DATA —
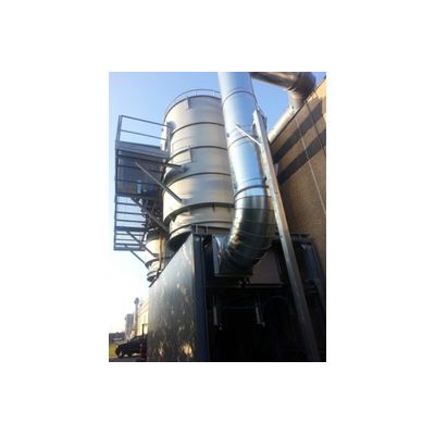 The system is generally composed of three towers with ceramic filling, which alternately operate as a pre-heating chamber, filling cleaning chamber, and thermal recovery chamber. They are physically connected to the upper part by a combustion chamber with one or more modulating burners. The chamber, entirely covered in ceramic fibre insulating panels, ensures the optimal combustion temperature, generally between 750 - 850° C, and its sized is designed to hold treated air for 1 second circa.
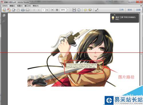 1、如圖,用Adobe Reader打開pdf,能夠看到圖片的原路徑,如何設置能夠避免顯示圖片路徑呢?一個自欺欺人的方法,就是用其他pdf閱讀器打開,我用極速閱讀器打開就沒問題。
--
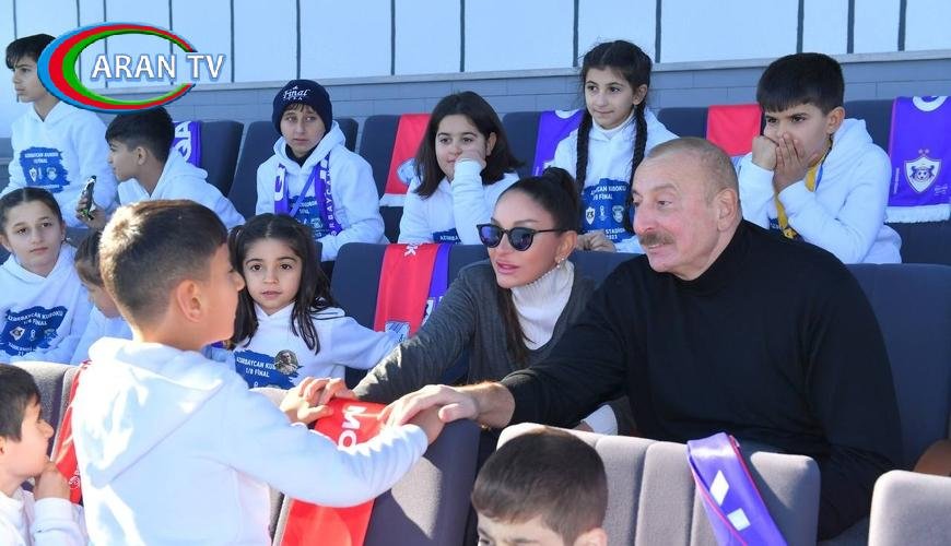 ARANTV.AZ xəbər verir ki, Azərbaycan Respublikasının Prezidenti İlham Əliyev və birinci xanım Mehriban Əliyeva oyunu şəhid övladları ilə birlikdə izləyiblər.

REQUIREMENT —
The lines above from the line with "The system is generally composed" through the line with "1、如圖,用Adobe Re" are to be given again word for word, with no pictures among them.

WRITTEN ANSWER —
 The system is generally composed of three towers with ceramic filling, which alternately operate as a pre-heating chamber, filling cleaning chamber, and thermal recovery chamber. They are physically connected to the upper part by a combustion chamber with one or more modulating burners. The chamber, entirely covered in ceramic fibre insulating panels, ensures the optimal combustion temperature, generally between 750 - 850° C, and its sized is designed to hold treated air for 1 second circa.
 1、如圖,用Adobe Reader打開pdf,能夠看到圖片的原路徑,如何設置能夠避免顯示圖片路徑呢?一個自欺欺人的方法,就是用其他pdf閱讀器打開,我用極速閱讀器打開就沒問題。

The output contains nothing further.